Elliott, who turns 25 in the not so distant future, has followed his dad’s strides. Bill Elliott won the 1988 title and multiple times was casted a ballot by the fans NASCAR’s most well known driver. Pursue Elliott turned into the fan top pick in 2018 after Earnhardt Jr. resigned. He’s the primary most mainstream driver to win the title since his dad won his solitary title.

The Elliotts joined Lee and Richard Petty and Ned and Dale Jarrett as the third dad child mix to win a NASCAR Cup title. The Elliotts, alongside Hall of Famer Tim Flock, are the main three drivers from Georgia to win the title.

Hendrick Motorsports expanded its NASCAR record with a thirteenth title.

Elliott passed Joey Logano with 42 laps remaining and pulled away in a race Elliott controlled even as the four title competitors ran 1-2-3-4 the vast majority of the evening. Elliott had charged through the field during the main stage to bunch the four competitors in the champ bring home all the glory season finale. It was Elliott’s fifth success of the period, following just Kevin Harvick (nine) and Denny Hamlin (seven).

Elliott’s success at Martinsville a week ago secured him in the last four, however wiped out ordinary season champion Harvick.

“I felt like we took some really big strides this year, and last week was a huge one,” said Elliott, who also won the All-Star race at Bristol. “To come out of that with a win and a shot to come here and have a chance to race is unbelievable.”

Elliott beat Brad Keselowski, who was trailed by Team Penske partner Logano and afterward Hamlin, who is presently 0 for 4 in title races. Hamlin is considered alongside Hall of Famer Mark Martin the best driver without a Cup title.

“No one has won more than we have over the last two years. Pretty proud what this team is doing,” Hamlin said. “We’ll come back and do it again next year.”

Hamlin was the main driver among the last four not to lead a lap at Phoenix, where he won last November.

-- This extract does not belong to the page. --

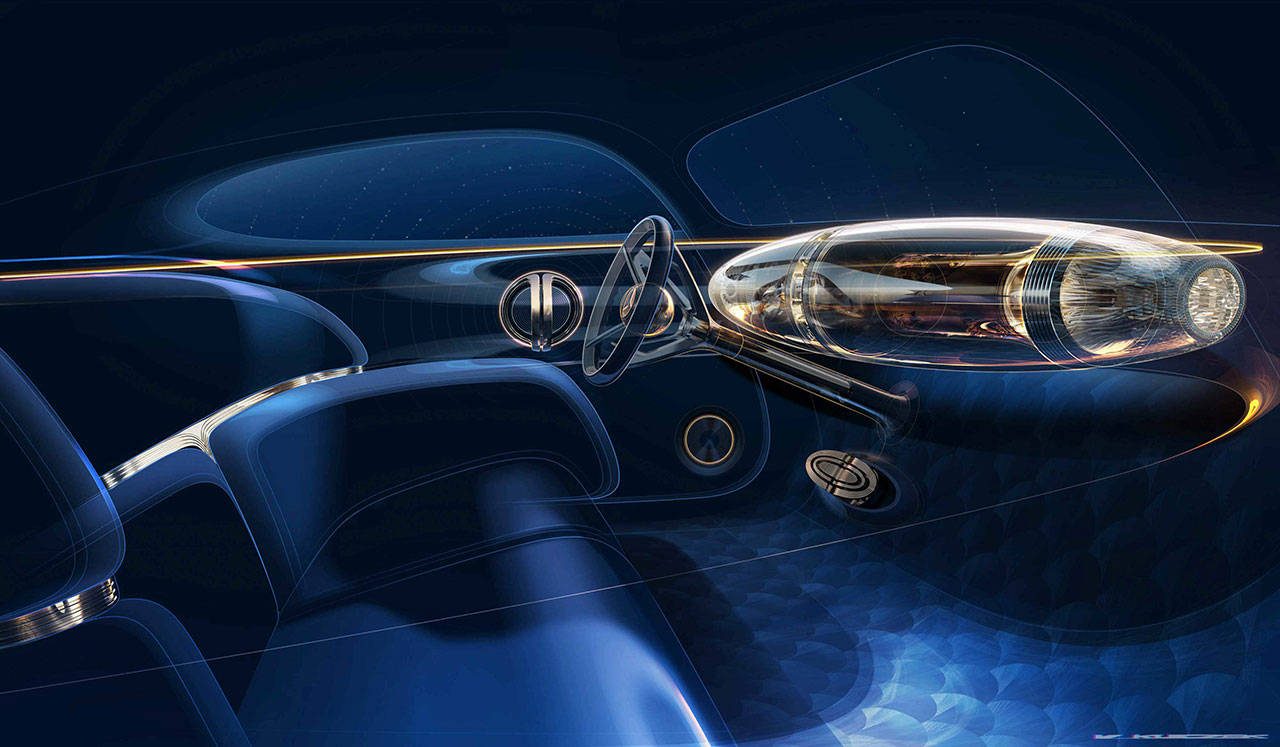 據悉,內飾設計靈感源自華麗的裝飾藝術風格,不僅融入匠心工藝,還采用了特殊材質打造。儀表盤中央設有名為 “齊柏林(Zeppelin)” 的懸浮式玻璃結構,這一極具設計感的造型讓復古指針儀表與數字顯示實現了巧妙互動;玻璃結構后方則鋪設了璀璨的珍珠母貝(mother-of-pearl)鑲嵌裝飾。值得一提的是,車門開啟時,儀表盤會呈現以高端計時碼表為靈感的復古動態效果,為內飾增添了靈動氣息。

Logano drove 125 laps, yet a large portion of them early. “It stings not winning, I’m not going to lie. It hurts,” he said.

Keselowski had been holding out trust in a late alert to set up a short run to the completion, which is the way both the Truck Series and Xfinity Series titles were chosen the past two evenings.

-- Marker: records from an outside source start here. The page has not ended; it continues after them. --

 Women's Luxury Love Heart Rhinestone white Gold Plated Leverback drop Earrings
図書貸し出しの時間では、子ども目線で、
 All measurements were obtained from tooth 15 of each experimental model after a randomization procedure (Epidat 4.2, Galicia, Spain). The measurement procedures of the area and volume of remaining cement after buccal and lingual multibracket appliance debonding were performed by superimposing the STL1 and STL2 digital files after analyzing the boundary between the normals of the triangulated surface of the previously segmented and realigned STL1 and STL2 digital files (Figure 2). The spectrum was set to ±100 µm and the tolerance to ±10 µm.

“I would have loved to have raced it out,” Keselowski said. “We just didn’t get any yellows.”

The race had only four all out alerts, three of them planned breaks. It made Elliott’s crowning ritual look simple.

The race finished NASCAR’s excited 38-race plan that was updated on account of the pandemic. The season was suspended five days after NASCAR dashed at Phoenix in March, a race won by Logano, and the motors lingered for 10 weeks. Be that as it may, confronting devastating monetary misfortunes to the groups and the business, NASCAR was one of the primary games to continue rivalry. NASCAR went dashing again May 17 and utilized doubleheaders, midweek races and a monstrous planning mix to finish the season for each of the three of its public arrangement.

For the finale, the first at NASCAR’s claimed and renovated Phoenix Raceway, NASCAR relaxed its “bubble” and permitted families and visitors unexpectedly since, well, the last time they hustled at Phoenix. The post-race festivity was the first run through Johnson had seen Rick Hendrick, his supervisor of 20 years, since March.

“If you can get through a year like this and you’re NASCAR, certainly it bodes well,” Keselowski said. “I thought it was really amazing what the sport was able to achieve, that we were able to get all the races in. To be here today and have a great race for a championship, I think that’s really impressive.”